Saturday, June 8, 2013

On the surface of it

one day we will own a house with shabby comfortable couches, that you can sink into, and french windows. one of the rooms will have rust coloured walls and a fake fireplace on the mantel of which will live an empty frame that i have spray painted gold. we will own a cat whom we will name Murakami. Murakami will like you more but love me more, like children often do their mothers. i will have faint frown lines that finally show between my eyebrows and you will have the same old metallic frames housing your gaze. your hair will be more tamed, with a few blotches of white in it. mine will have resisted and have gotten messier than ever, clinging to girlhood. we will have a record player cohabitating with a stack of books we don’t read very often, but like to look at for their covers. perhaps they will have grand impressive titles like ‘Sarte on existentialism and bacon’. Actually, that is a book I would like to read, so scratch that. I should have been an art director in films. Perhaps I will be an art director for small films, and you will be writing something you like. one of the walls in one of the rooms will have lines from poems and books we love on it; parts will be yellowing, but we like it better that way. there will be a stack of dirty dishes in the sink that i am putting off doing, and there will be a line above your forehead, signaling your growing impatience,as you sit in an armchair and read The Times cover to cover, leaving out the obituaries and the tabloid. i will be traipsing around the house with a vague look in my eyes, in purple slippers and a long t-shirt that i have stolen from you. i cannot remember what it is that i’m looking for, but i keep throwing glances at the refrigerator each time i pass it, and finally, i settle down with a block of dill havarti (in a coloured jar with a paper label saying ‘I Can Haz Cheez’) on the other armchair on the opposite side of the room. i sit cross-legged, open Ulysses (which I have not managed to read in all these years), and catch you looking at me.
“what?”
you just sigh. “never mind.” a slight twitch of the head.
“what?! why must you always leave things hanging?”
“i suppose you’re going to want me to do the dishes again”.
i smile in what i think is an endearing manner, but you don’t catch it because you’re looking at the kitchen and besides, you stopped thinking it was endearing about forty two weeks ago.
“only if they bother you”
“whatever”, you snap, and bury your head in the paper again.
sunday crawls along. i’ve never liked sundays. bloody evil days providing you with time to mull over things you have no business thinking about.
one day we will own a house, and a cat, and comfortable couches, and grow old and tired of each other. or perhaps not.

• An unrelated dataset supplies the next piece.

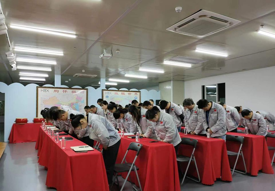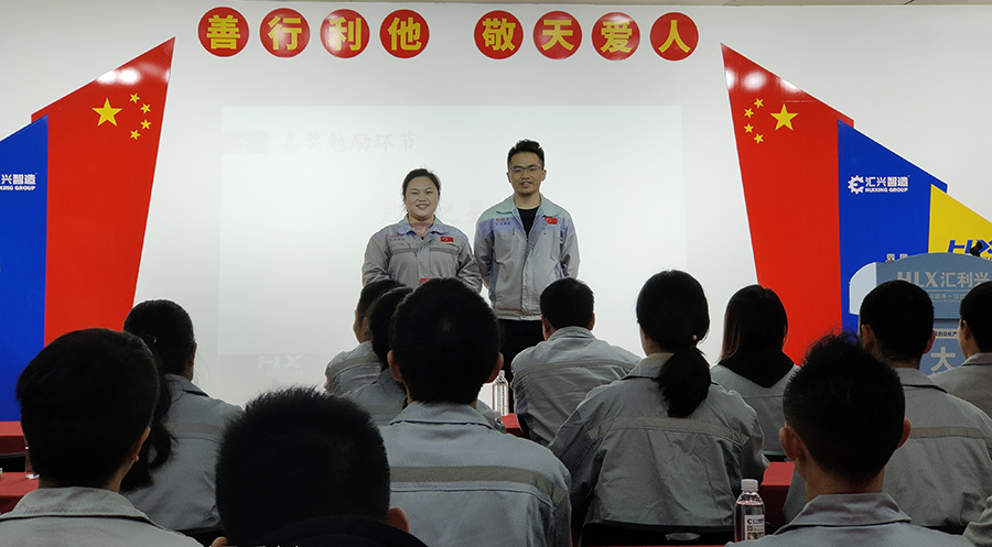 2020年10月17日13點45分,匯利興西南工廠全體員工在匯利興學(xué)校召開9月月度會議,由事務(wù)中心主管陳香草主持。 隨后二位女精英擊響士氣鼓,鼓舞士氣,鼓舞著戰(zhàn)友們奮勇前進,并以這種以評促進、你追我趕的“激勵文化”,潛移默化融于員工的日常工作中,同時也鞭策著員工們不斷爭先創(chuàng)優(yōu),推動企業(yè)發(fā)展的內(nèi)生動力,從而形成“我來干、搶著干、努力干”的工作作風(fēng)。現(xiàn)場鼓聲震天,士氣如虹。 會議第一項議程,企業(yè)文化展示。全體匯興人整肅衣冠對匯興人倍加推崇的“三道文化”(孝道、商道、人道)鄭重地鞠躬,莊嚴宣誓企業(yè)愿景:“成為行業(yè)優(yōu)秀的智能自動化產(chǎn)業(yè)鏈集成服務(wù)商”,企業(yè)使命:做受尊敬的好人,造受尊敬的產(chǎn)品,辦受尊敬的企業(yè),建受尊敬的平臺,企業(yè)精神“用情做人、用心做事”,團隊精神“忠誠團結(jié)、勤奮進取”,工匠精神:創(chuàng)于手、精于工、智于器、匠于心、品于行,行為準則:口中有德、目中有人、手中有技、心中有愛、行中有善,職業(yè)準則:對工作熱臉、對同事笑臉、對錯誤紅臉、對浪費黑臉、對榮譽爭臉。

*I was wilting on my deflated air-mattress with pet-byatha (acidity), and feeling grumpy because I really wanted to be productive but the Festal I had taken wasn't working. So I wrote this.*

2 comments:

Unknown said...

'Sartre on Existentialism and Bacon' sounds like a book not to be missed out on. Hopefully someone will think of writing it soon.
And acidity evidently makes for fine reading. Nice.

R said...

I know, it sounds like a relative of The Bunny Suicides, though.
And thank you. At least some good came of it.